• _WORK REQUEST_: Begin at the line containing "Learn how to" in the records below, end at the line containing "Книга хороша, але", and retype each line in that span exactly. No other line and no image should appear.
**** DATASET CONTENT ****
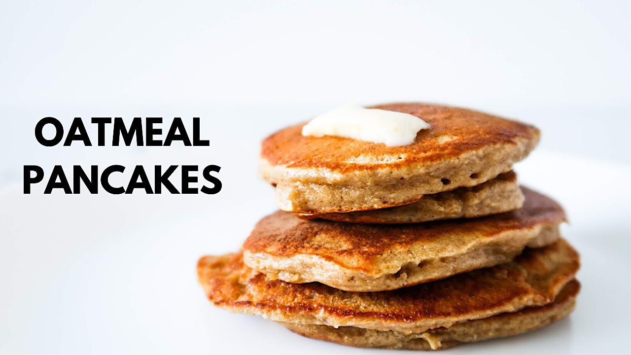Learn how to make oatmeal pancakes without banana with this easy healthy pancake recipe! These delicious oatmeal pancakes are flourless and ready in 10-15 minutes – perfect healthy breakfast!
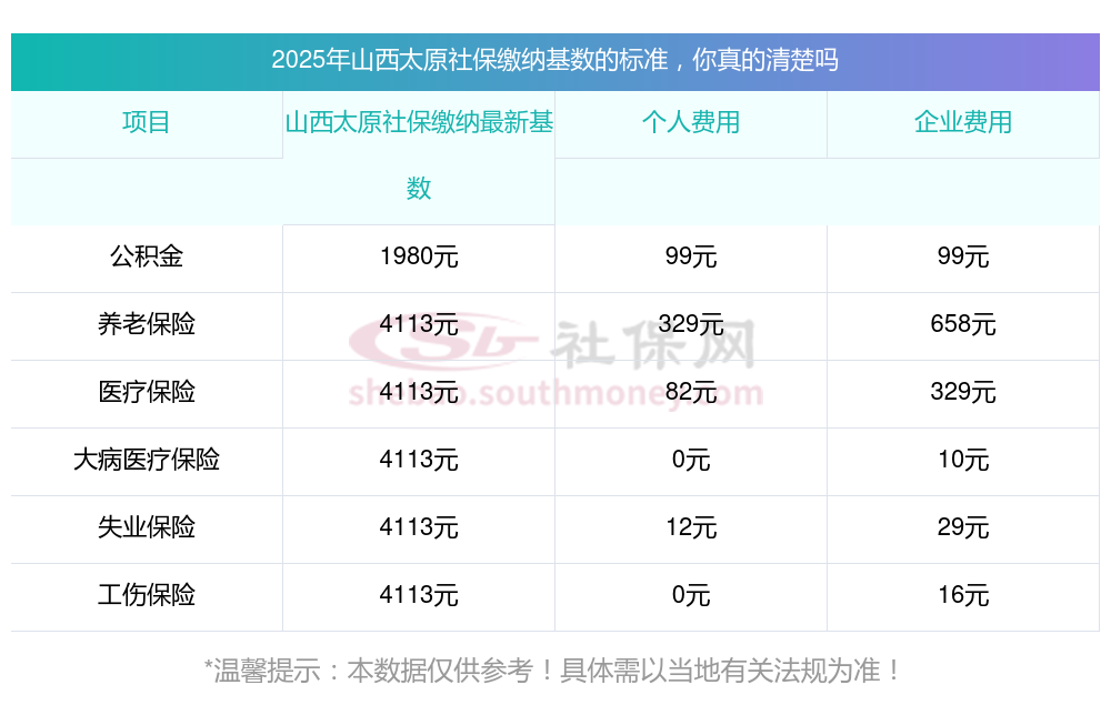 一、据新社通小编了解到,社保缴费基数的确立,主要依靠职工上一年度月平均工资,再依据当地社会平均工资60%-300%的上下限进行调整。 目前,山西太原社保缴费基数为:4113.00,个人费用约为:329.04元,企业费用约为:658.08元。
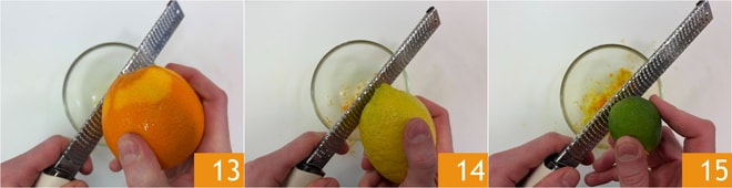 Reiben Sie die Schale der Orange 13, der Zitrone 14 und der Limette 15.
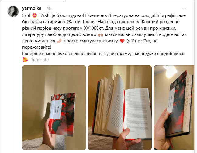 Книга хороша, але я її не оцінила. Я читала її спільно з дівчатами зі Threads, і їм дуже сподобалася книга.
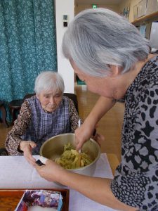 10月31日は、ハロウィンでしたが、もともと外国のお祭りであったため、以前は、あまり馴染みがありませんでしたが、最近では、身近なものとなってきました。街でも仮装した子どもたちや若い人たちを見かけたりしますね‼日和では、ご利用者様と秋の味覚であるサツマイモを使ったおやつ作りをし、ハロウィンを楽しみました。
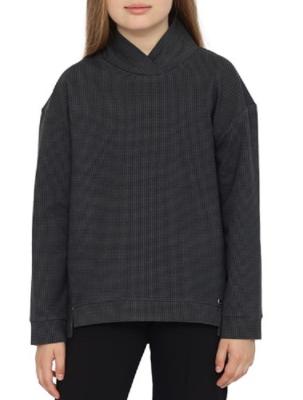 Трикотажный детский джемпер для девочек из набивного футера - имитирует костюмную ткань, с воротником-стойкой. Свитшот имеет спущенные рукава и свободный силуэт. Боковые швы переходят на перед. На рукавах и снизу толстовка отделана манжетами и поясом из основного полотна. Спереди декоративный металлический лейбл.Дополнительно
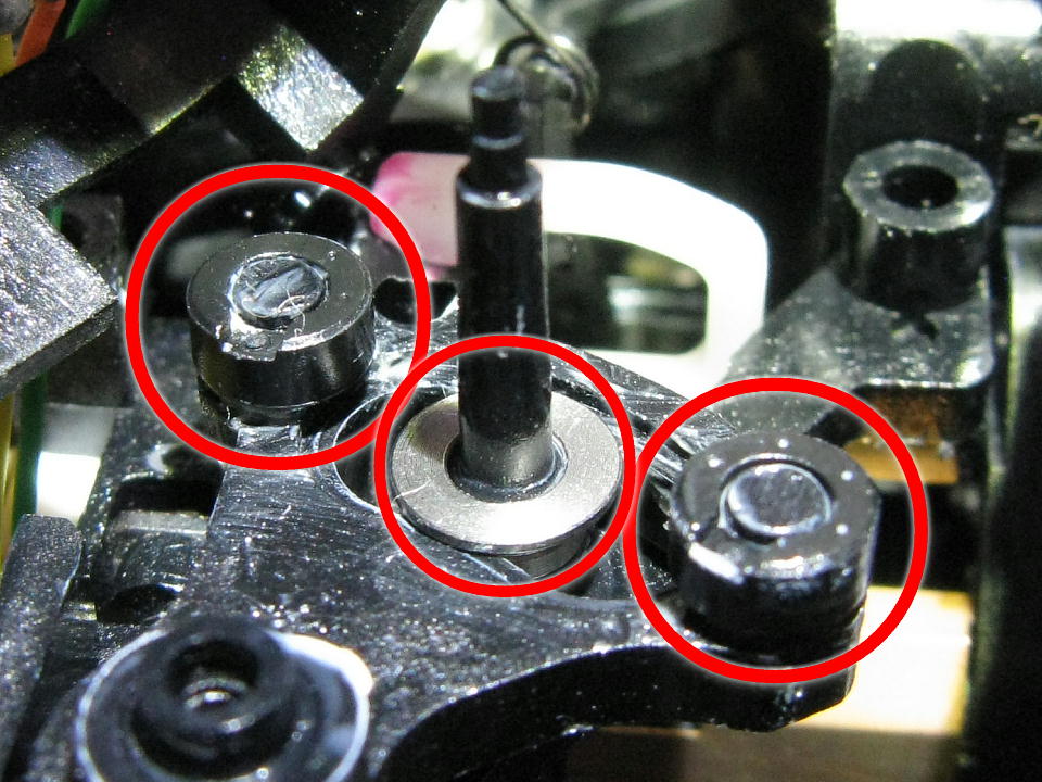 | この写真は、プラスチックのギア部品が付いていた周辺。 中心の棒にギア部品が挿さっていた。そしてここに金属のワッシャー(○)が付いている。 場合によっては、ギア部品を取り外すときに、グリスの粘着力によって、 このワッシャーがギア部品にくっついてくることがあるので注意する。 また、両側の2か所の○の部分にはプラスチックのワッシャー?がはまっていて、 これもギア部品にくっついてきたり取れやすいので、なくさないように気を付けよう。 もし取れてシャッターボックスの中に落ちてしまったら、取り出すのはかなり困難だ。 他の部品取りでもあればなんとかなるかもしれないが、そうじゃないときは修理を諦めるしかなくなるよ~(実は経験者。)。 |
****
**** DATASET CONTENT ****
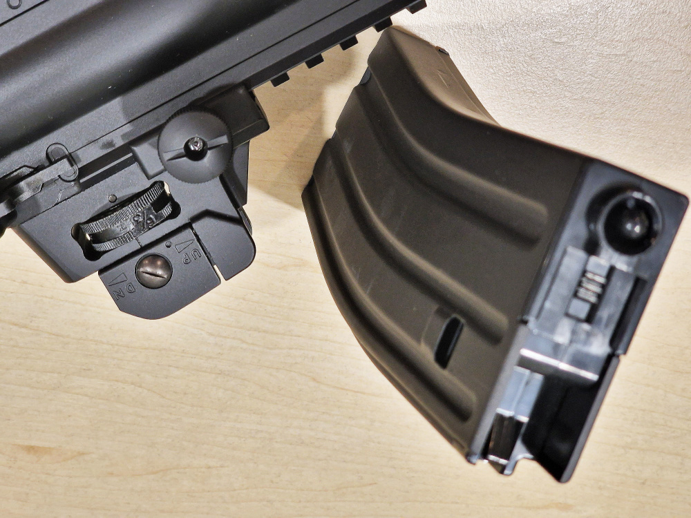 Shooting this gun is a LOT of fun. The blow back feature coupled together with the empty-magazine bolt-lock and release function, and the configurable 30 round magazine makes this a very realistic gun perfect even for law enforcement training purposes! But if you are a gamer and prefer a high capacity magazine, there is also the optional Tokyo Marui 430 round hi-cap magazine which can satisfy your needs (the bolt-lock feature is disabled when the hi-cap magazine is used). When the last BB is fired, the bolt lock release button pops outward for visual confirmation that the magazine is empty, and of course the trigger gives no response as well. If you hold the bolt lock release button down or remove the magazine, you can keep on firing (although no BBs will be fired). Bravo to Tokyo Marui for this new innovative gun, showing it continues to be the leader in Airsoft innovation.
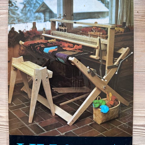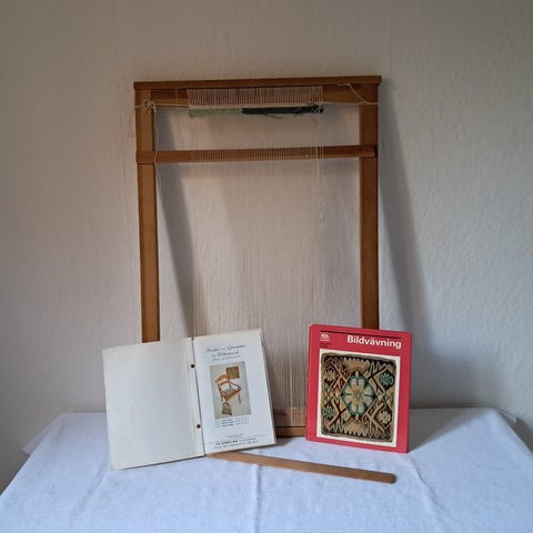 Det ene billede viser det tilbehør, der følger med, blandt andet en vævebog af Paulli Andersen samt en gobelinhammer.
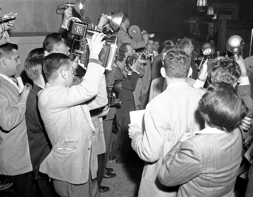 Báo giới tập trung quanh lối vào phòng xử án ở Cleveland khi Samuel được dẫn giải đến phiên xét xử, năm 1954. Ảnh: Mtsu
****
• _YOUR RESPONSE_:
Learn how to make oatmeal pancakes without banana with this easy healthy pancake recipe! These delicious oatmeal pancakes are flourless and ready in 10-15 minutes – perfect healthy breakfast!
 一、据新社通小编了解到,社保缴费基数的确立,主要依靠职工上一年度月平均工资,再依据当地社会平均工资60%-300%的上下限进行调整。 目前,山西太原社保缴费基数为:4113.00,个人费用约为:329.04元,企业费用约为:658.08元。
 Reiben Sie die Schale der Orange 13, der Zitrone 14 und der Limette 15.
 Книга хороша, але я її не оцінила. Я читала її спільно з дівчатами зі Threads, і їм дуже сподобалася книга.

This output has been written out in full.